Assigned task
Without the pictures, output the records below exactly as they are.

Source material
....................
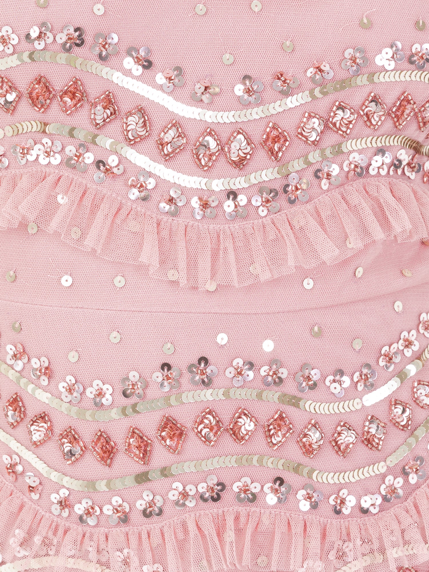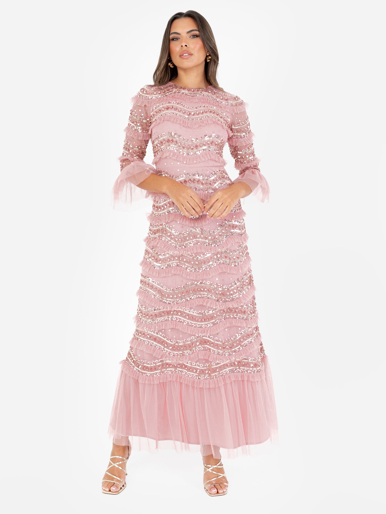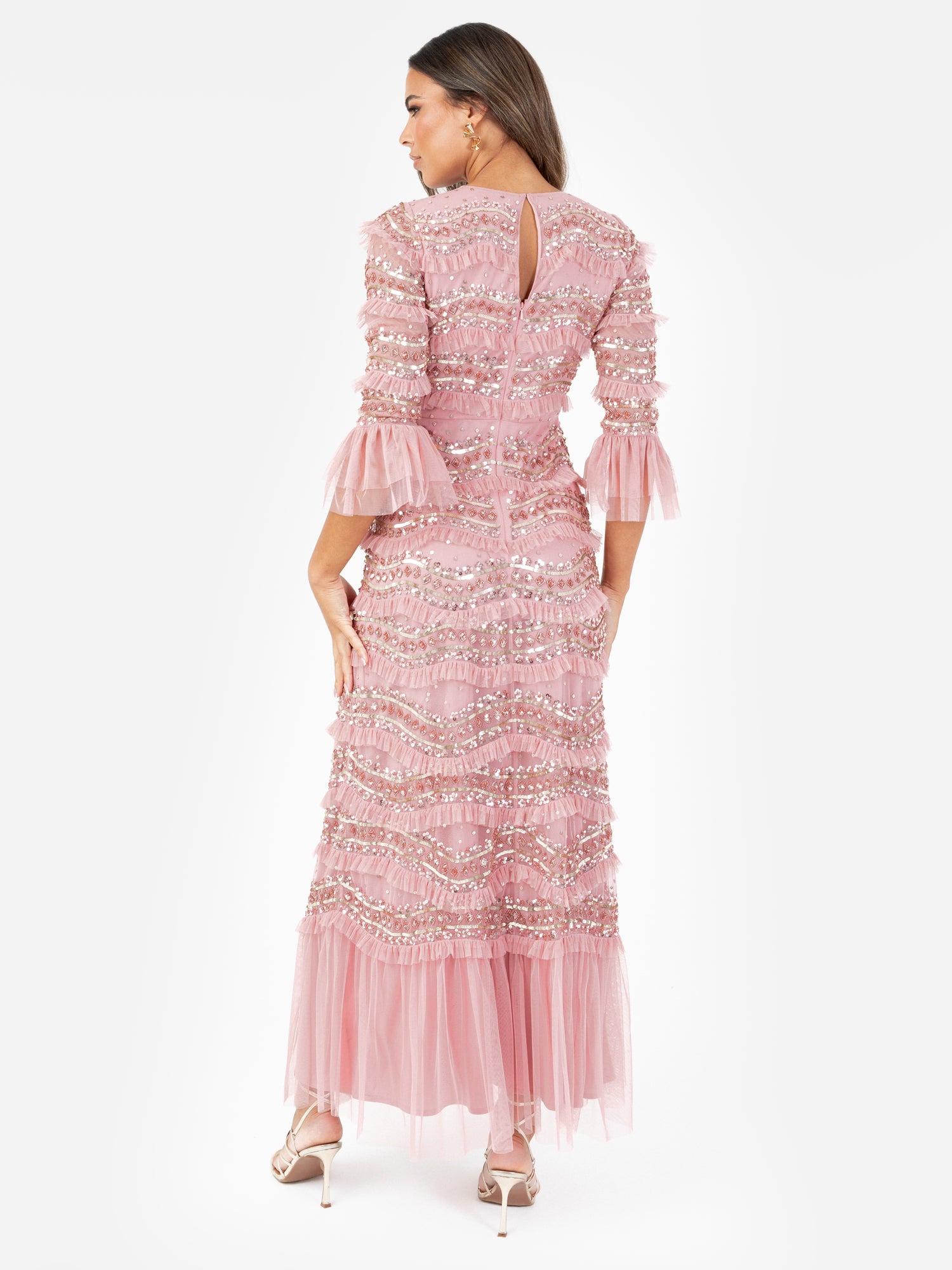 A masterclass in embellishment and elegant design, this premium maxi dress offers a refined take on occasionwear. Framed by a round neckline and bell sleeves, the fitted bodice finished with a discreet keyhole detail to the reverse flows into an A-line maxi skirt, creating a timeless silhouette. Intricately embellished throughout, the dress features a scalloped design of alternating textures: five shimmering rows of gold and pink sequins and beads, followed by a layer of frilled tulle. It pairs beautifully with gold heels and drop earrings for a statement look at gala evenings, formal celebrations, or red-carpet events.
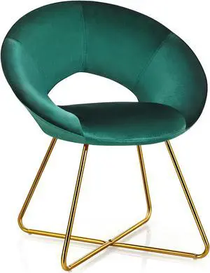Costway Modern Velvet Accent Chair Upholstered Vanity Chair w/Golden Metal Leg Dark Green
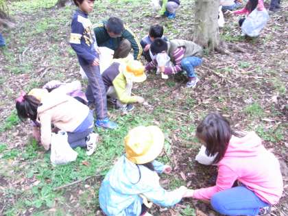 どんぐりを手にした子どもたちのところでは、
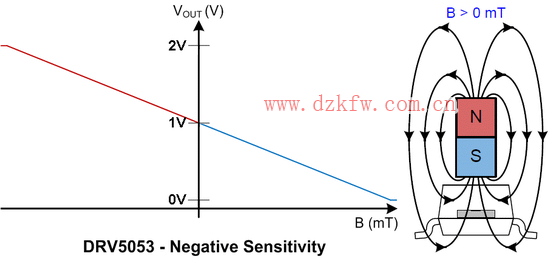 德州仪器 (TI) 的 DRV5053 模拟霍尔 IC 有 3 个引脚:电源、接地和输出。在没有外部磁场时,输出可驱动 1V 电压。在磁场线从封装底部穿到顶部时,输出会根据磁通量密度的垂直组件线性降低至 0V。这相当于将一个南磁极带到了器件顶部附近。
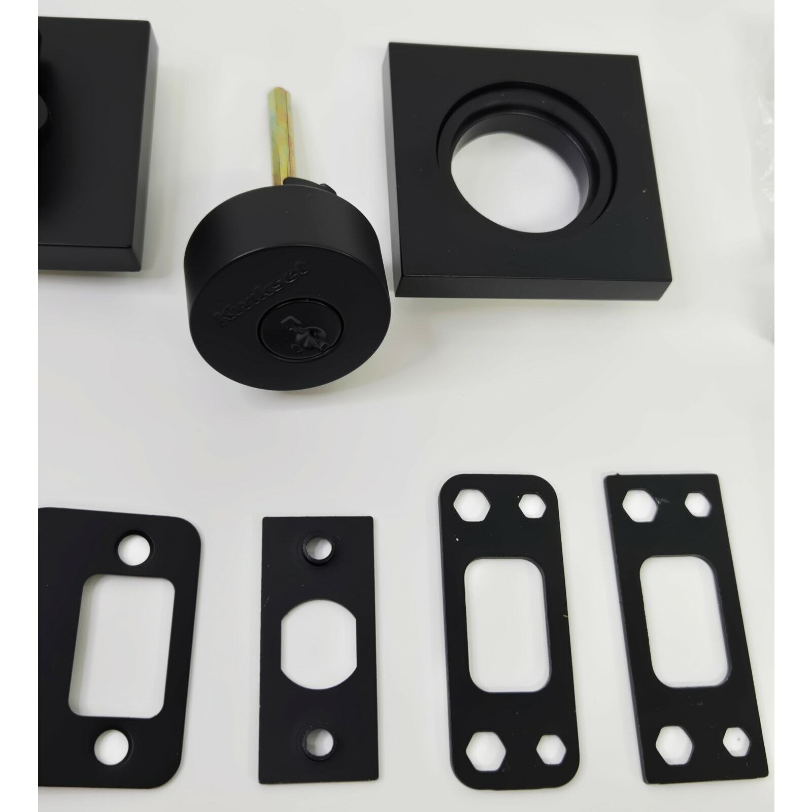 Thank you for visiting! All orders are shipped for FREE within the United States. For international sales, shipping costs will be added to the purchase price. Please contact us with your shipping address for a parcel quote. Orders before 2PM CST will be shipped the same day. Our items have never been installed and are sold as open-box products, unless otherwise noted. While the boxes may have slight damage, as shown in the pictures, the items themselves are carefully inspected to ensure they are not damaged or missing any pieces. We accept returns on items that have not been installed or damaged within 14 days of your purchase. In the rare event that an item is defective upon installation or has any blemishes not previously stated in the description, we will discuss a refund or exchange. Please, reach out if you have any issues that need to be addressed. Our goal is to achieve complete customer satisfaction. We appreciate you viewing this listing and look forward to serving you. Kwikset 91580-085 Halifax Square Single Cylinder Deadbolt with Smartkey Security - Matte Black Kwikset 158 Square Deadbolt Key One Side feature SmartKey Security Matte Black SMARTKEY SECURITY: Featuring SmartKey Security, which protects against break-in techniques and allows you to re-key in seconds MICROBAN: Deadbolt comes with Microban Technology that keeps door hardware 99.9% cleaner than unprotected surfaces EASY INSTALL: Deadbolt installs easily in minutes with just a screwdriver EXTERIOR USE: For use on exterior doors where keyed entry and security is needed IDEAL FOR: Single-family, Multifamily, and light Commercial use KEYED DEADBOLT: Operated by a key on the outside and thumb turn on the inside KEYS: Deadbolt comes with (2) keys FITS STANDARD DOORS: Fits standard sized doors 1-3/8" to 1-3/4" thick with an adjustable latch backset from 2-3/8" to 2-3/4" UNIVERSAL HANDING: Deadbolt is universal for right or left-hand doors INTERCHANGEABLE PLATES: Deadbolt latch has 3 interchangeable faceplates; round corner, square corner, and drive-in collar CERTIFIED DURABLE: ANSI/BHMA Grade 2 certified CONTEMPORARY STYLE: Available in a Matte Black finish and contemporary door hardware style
....................
Your solution
 A masterclass in embellishment and elegant design, this premium maxi dress offers a refined take on occasionwear. Framed by a round neckline and bell sleeves, the fitted bodice finished with a discreet keyhole detail to the reverse flows into an A-line maxi skirt, creating a timeless silhouette. Intricately embellished throughout, the dress features a scalloped design of alternating textures: five shimmering rows of gold and pink sequins and beads, followed by a layer of frilled tulle. It pairs beautifully with gold heels and drop earrings for a statement look at gala evenings, formal celebrations, or red-carpet events.
Costway Modern Velvet Accent Chair Upholstered Vanity Chair w/Golden Metal Leg Dark Green
 どんぐりを手にした子どもたちのところでは、
 德州仪器 (TI) 的 DRV5053 模拟霍尔 IC 有 3 个引脚:电源、接地和输出。在没有外部磁场时,输出可驱动 1V 电压。在磁场线从封装底部穿到顶部时,输出会根据磁通量密度的垂直组件线性降低至 0V。这相当于将一个南磁极带到了器件顶部附近。
 Thank you for visiting! All orders are shipped for FREE within the United States. For international sales, shipping costs will be added to the purchase price. Please contact us with your shipping address for a parcel quote. Orders before 2PM CST will be shipped the same day. Our items have never been installed and are sold as open-box products, unless otherwise noted. While the boxes may have slight damage, as shown in the pictures, the items themselves are carefully inspected to ensure they are not damaged or missing any pieces. We accept returns on items that have not been installed or damaged within 14 days of your purchase. In the rare event that an item is defective upon installation or has any blemishes not previously stated in the description, we will discuss a refund or exchange. Please, reach out if you have any issues that need to be addressed. Our goal is to achieve complete customer satisfaction. We appreciate you viewing this listing and look forward to serving you. Kwikset 91580-085 Halifax Square Single Cylinder Deadbolt with Smartkey Security - Matte Black Kwikset 158 Square Deadbolt Key One Side feature SmartKey Security Matte Black SMARTKEY SECURITY: Featuring SmartKey Security, which protects against break-in techniques and allows you to re-key in seconds MICROBAN: Deadbolt comes with Microban Technology that keeps door hardware 99.9% cleaner than unprotected surfaces EASY INSTALL: Deadbolt installs easily in minutes with just a screwdriver EXTERIOR USE: For use on exterior doors where keyed entry and security is needed IDEAL FOR: Single-family, Multifamily, and light Commercial use KEYED DEADBOLT: Operated by a key on the outside and thumb turn on the inside KEYS: Deadbolt comes with (2) keys FITS STANDARD DOORS: Fits standard sized doors 1-3/8" to 1-3/4" thick with an adjustable latch backset from 2-3/8" to 2-3/4" UNIVERSAL HANDING: Deadbolt is universal for right or left-hand doors INTERCHANGEABLE PLATES: Deadbolt latch has 3 interchangeable faceplates; round corner, square corner, and drive-in collar CERTIFIED DURABLE: ANSI/BHMA Grade 2 certified CONTEMPORARY STYLE: Available in a Matte Black finish and contemporary door hardware style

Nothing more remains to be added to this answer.